Nachbereitung und Ausblick
Die Tage jetzt, nach der Veranstaltung, sind voll davon die positiven Eindrücke des Wochenendes zu verarbeiten. So wie wir gehört haben, sind alle Teilnehmer wieder wohlbehalten an ihre Heimatstandorte zurückgekehrt und der Jungmann EC-DKX ist in Schönhagen in guten Händen. Für das Organisationsteam ist die Arbeit jedoch noch nicht vorüber – geliehene Ausrüstung muss zurückgegeben werden, Rechnungen müssen bezahlt werden, Helfern wird gedankt, die Flugbewegungen werden ausgewertet und es geht an die Nachbereitung der Bilder, der Videos and der vielen geführten Gespräche. Hierzu gehört die neue Bilddatenbank (Fotogalerie) welche wir unter www.buecker-museum.de eingerichtet haben, ebenso wie dieser Bericht. Es gehört aber auch dazu, zu reflektieren was gut gelaufen ist und was hätte besser sein können – jetzt da die Erinnerungen noch frisch sind, ist es der beste Zeitpunkt – um für ein eventuelles nächstes Mal zu lernen.

Vielleicht war es das letzte Mal, dass wir eine solche Veranstaltung in Rangsdorf hatten - wir hoffen es jedenfalls nicht.

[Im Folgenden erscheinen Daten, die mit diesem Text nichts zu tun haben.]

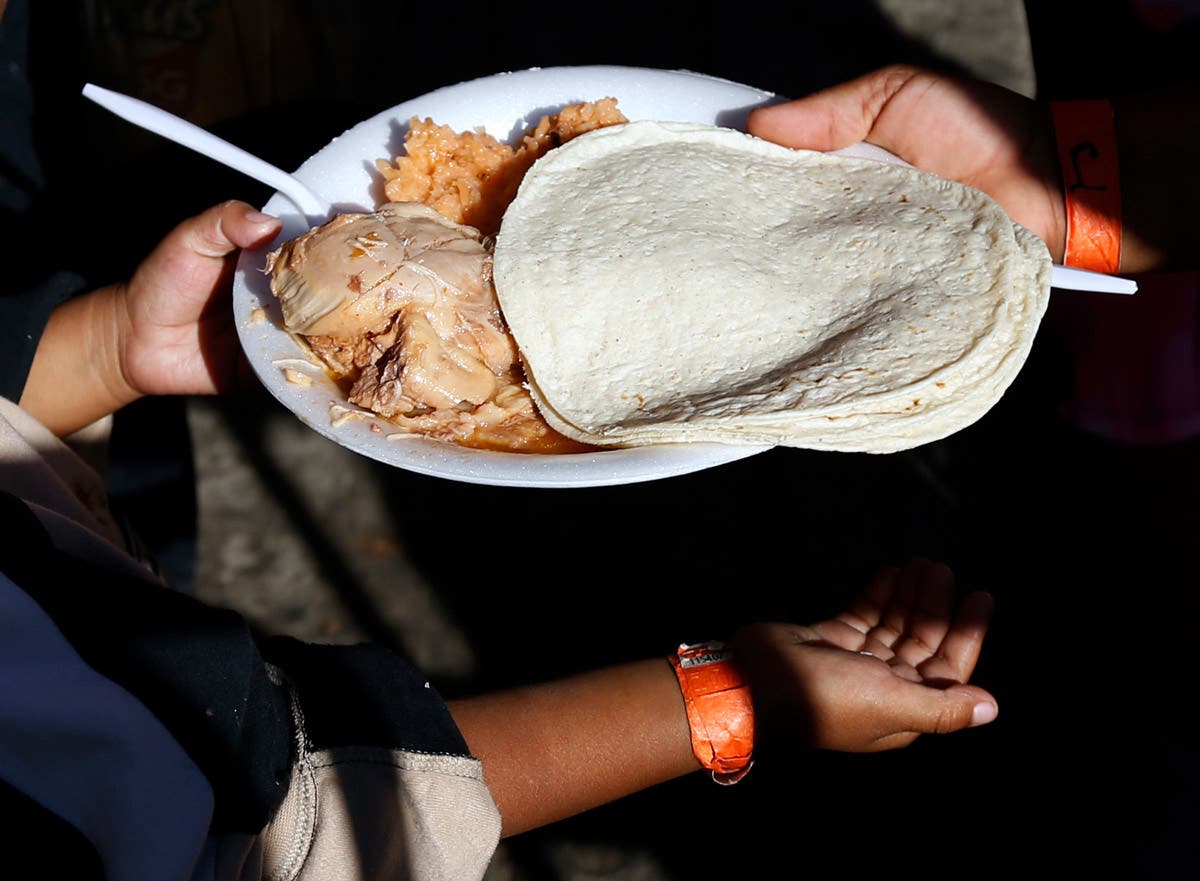 A young Central American migrant receives a free meal of chicken, rice and tortillas at a shelter for migrants in Tijuana. (AP Photo/Marco Ugarte)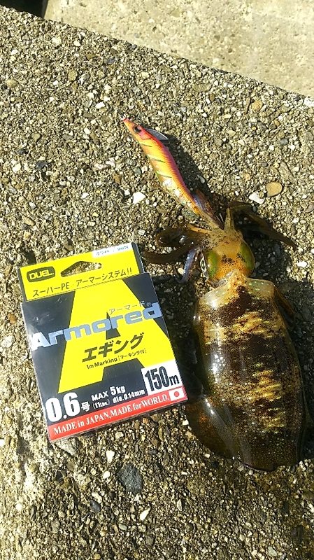 潮が動かない中のデイエギング。 渋かったですが・・・何とかシーズンイチのサイズを引きずり出しました! 下地が赤テープで、デーエギングよりナイトエギングでよく利用しますが。 渋くて釣れない中、既成概念にとらわれずに、色々と試してみると・・・意外な結果が出るかも?

Wir konnten mit dieser Veranstaltung deutlich machen, welchen Stellenwert Rangsdorf in der historischen Luftfahrt immer noch hat und welches Potential in diesem Gelände steckt, wenn man es entsprechend nutzt. Falls in zwei bis drei Jahren das Flugfeld noch existiert und sich wieder ein gutes Organisationsteam findet, würden wir gerne eine solche Veranstaltung wiederholen und zum nächsten Bücker Fly-In nach Rangsdorf einladen! Dass wir es können, haben wir bewiesen. Es gibt immer noch sehr viele Bücker-Piloten, denen der Rangsdorfer Stempel im Flugbuch fehlt, und diejenigen, die diesen bereits haben, kommen sicherlich gerne wieder. Mit großer Freude konnten wir in den letzten Tagen die Angebote vieler Einwohner Rangsdorfs zur Kenntnis nehmen, sich bei einer Wiederholung des Bücker Fly-In in Rangsdorf intensiv zu beteiligen. Wir streben dies an, alleine schon um den 2005 angemeldeten Schweizer und Österreicher Piloten die Möglichkeit zu geben, einmal auf diesem historischen Boden in Rangsdorf zu landen. Erste Vorbereitungen dazu beginnen jedenfalls schon jetzt!

Das Bücker Fly-In 2005 war ganz klar einer der Höhepunkte in der bisherigen Geschichte unseres Vereins. Das Organisationsteam hat viel gearbeitet, das ist normal und gehört nun einmal dazu. Aber die wirklich großartige Leistung wurde von den Piloten gebracht, welche sich zum Flug nach Rangsdorf angemeldet hatten. Ohne deren Einsatz wäre dieses Event nicht möglich gewesen!